遺愛女子中学・高校は1874年に創設され、その4年前に設立された女子学院(東京)やフェリス(横浜)に次いで歴史がある女学校だ。創立者はM・C・ハリス夫妻。クラーク博士のもと札幌農学校で学んだ内村鑑三たち札幌バンドのメンバーに洗礼を授けた宣教師として有名だ。特にフローラ夫人は日本女性の教育の必要性を痛感し、来日した年に日々学校(Day School)を開設したのが遺愛学院の始まりといわれる。

また夫人が米国メソジスト監督教会婦人伝道局の機関誌でそのことを報告したところ、カロライン・ライト夫人が亡き娘のために蓄えていた教育資金1800ドルを献げたという。これが「遺愛」の名の由来となった。そして1882年、函館・元町の高台に洋風の校舎が開校された。

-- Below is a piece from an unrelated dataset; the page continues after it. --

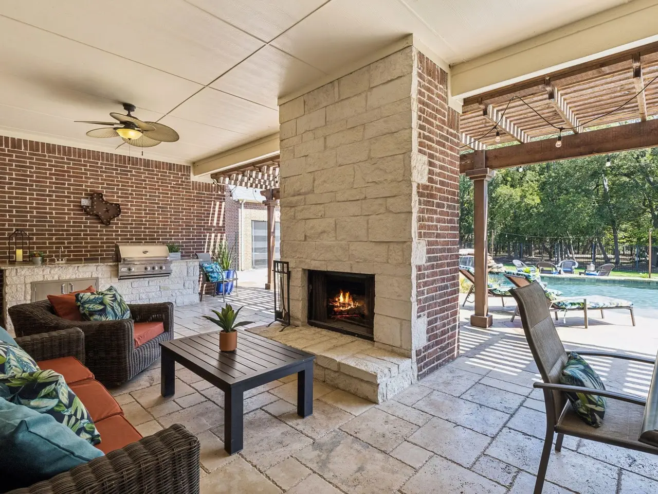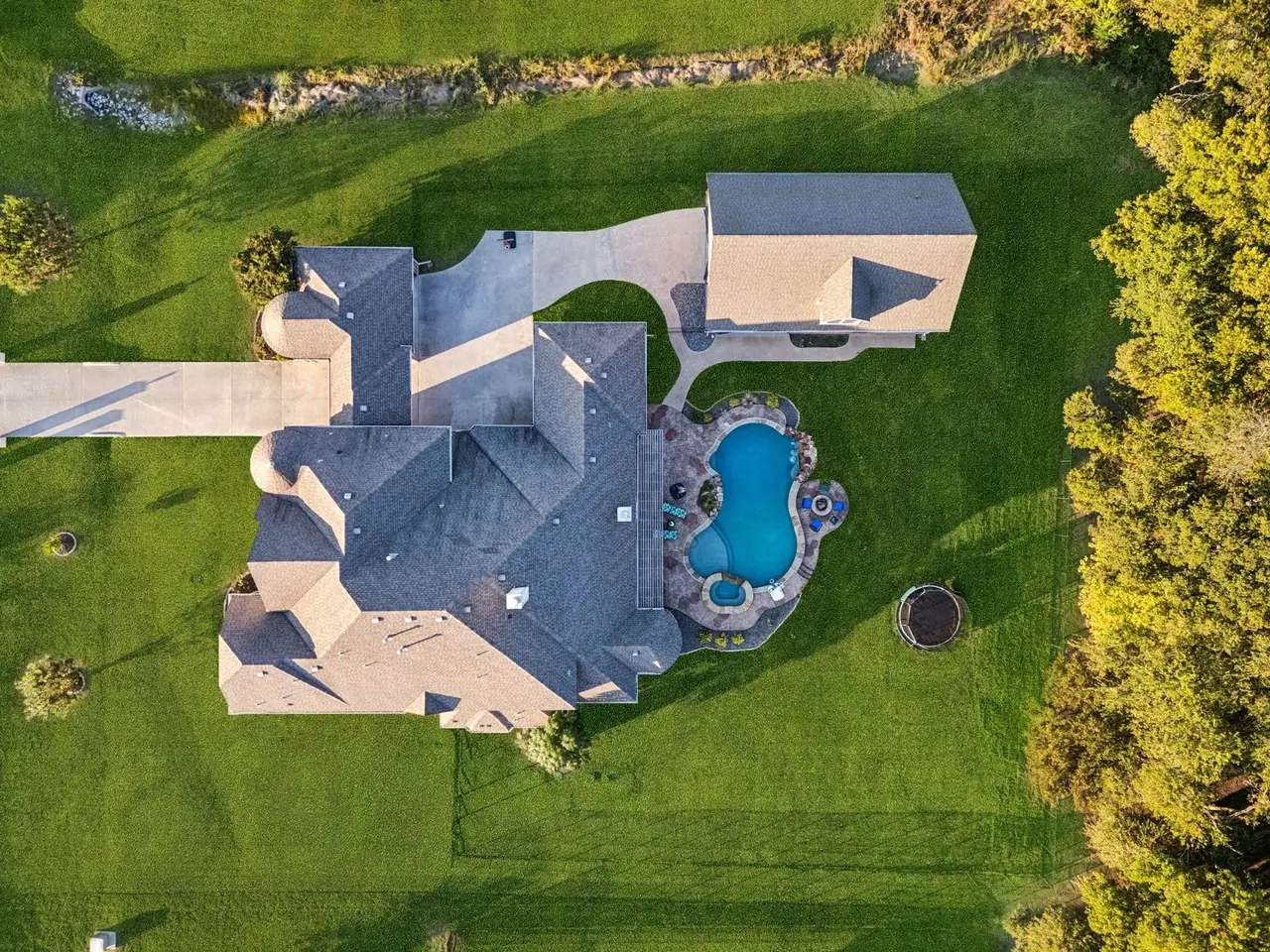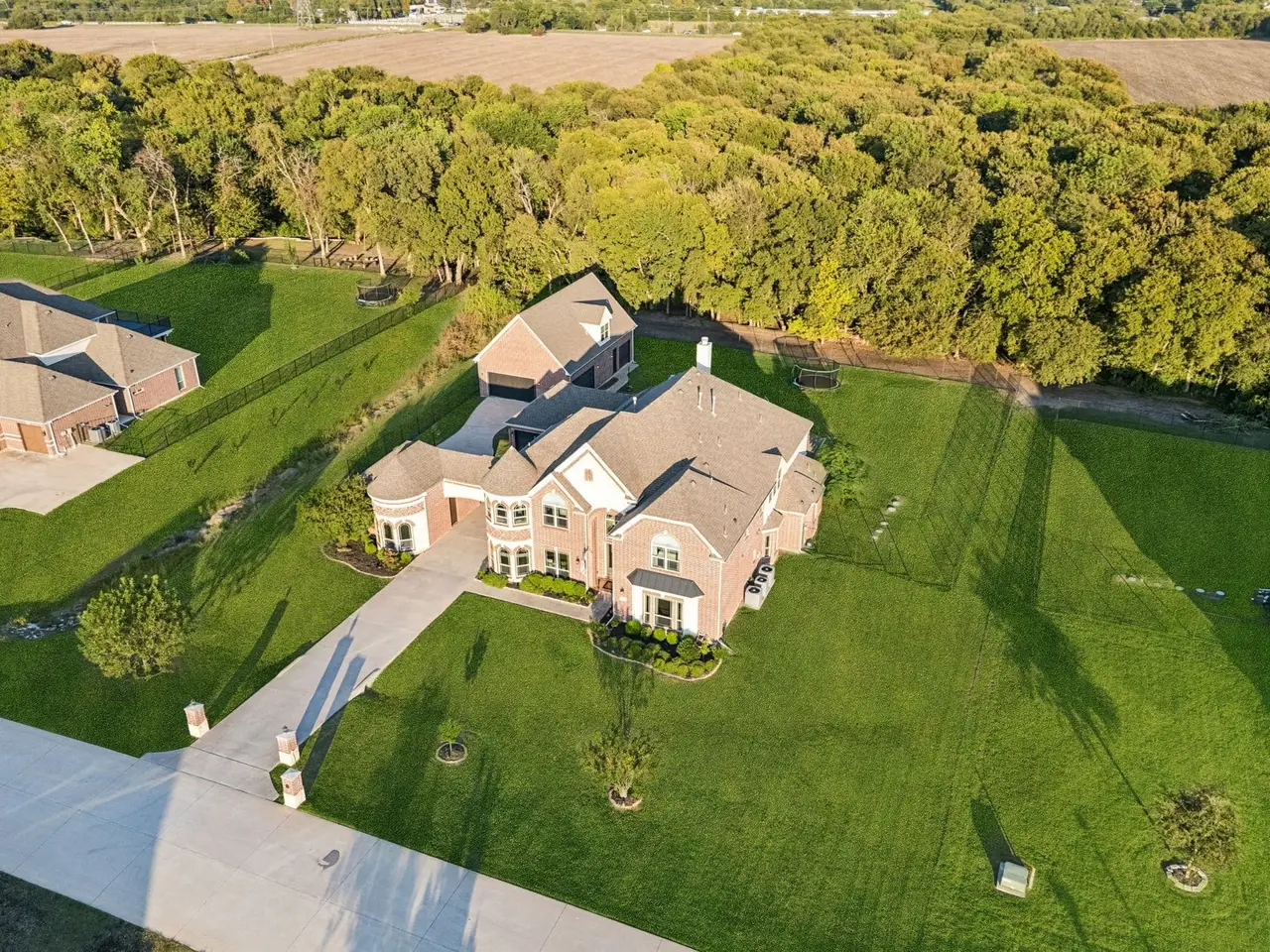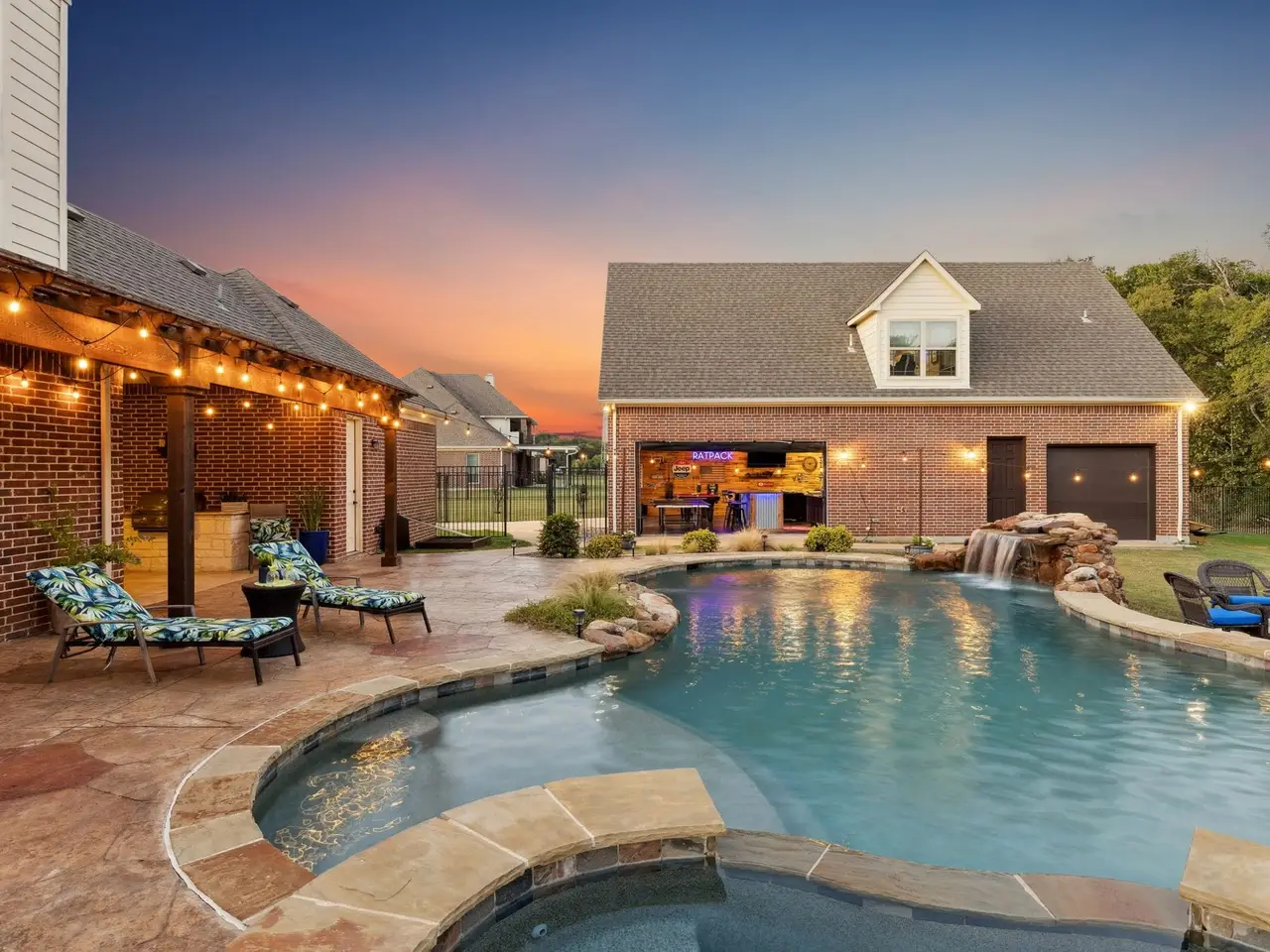 Welcome to your private retreat - an EXTRAORDINARY FAMILY ESTATE OFFERING NEARLY 8000sqft OF COMBINED LIVING SPACE which incl the primary residence plus GUEST HOUSE & ULTIMATE MAN CAVE all nestled on 2.65 acres backing to a serene wooded creek. From the moment you arrive, the striking brick and stone architecture, turret detail, and expansive landscaping set the tone for something truly special. Step inside to soaring vaulted ceilings with wood beams, warm wood floors and brick wall accents. The chef's kitchen is a dream with Electrolux appliances, dbl ovens, granite counters, prep sink, RO water system and abundant cabinetry. Entertain with ease in the oversized living areas, game room & media room with Sony projector, speakers, wet bar and wine fridge. Every detail has been carefully planned from the whole-home water softener and filtration system to the thoughtful layout. Downstairs, the luxurious primary suite awaitsfeaturing a sitting area, spa-inspired bath with stone walls, earthy textures and a multi-head rain shower. The private downstairs in-law suite with full bath is perfect for guests. Upstairs the secondary bedrooms are generously sized. Don't miss the closets that can double as study or hang out spaces! Outdoor resort-style living can be enjoyed year-round amidst twinkling Edison lights. The covered patio and pergola feature a built-in kitchen and FP with plenty of room for dining and lounging. The sparkling pool incl a spa and waterfalls with firepit nearby for cool evenings. The separate guest house not only features a fitness and sports enthusiasts ideal man cave complete with industrial finishes, but also a home office and private guest suite. Amenities include a bar, island, home gym, hardwiring for media and CAT7 for hi-speed network. Parking is abundant with two 2-car garages and porte cochere. This property blends comfort, sophistication, and functionality in a way that's rare to find. Don't miss the chance to experience all it has to offer.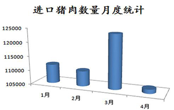 据海关数据显示,2017年4月进口猪肉数量为10.6万吨,环比3月减少14.16%,1-4月进口肉数量累计达到45.3万吨,主要由于国内生猪价格的连续下滑以及需求市场逐渐转淡。【详细】

古くは、石坂洋次郎の青春小説「若い人」の舞台である高校のモデルとなった同校だが、その美しい校舎やキャンパスは多くの映画やドラマ、CMでも使われてきた。中でもジェームズ・ガーディナーが設計した本館校舎(本館)と、「ホワイトハウス」と呼ばれる旧遺愛女学校宣教館は国の重要文化財に指定されている。

著名な卒業生として、石川啄木の娘の京子、元ジュディー&マリーのYUKI、叶和貴子や中原理恵がいる。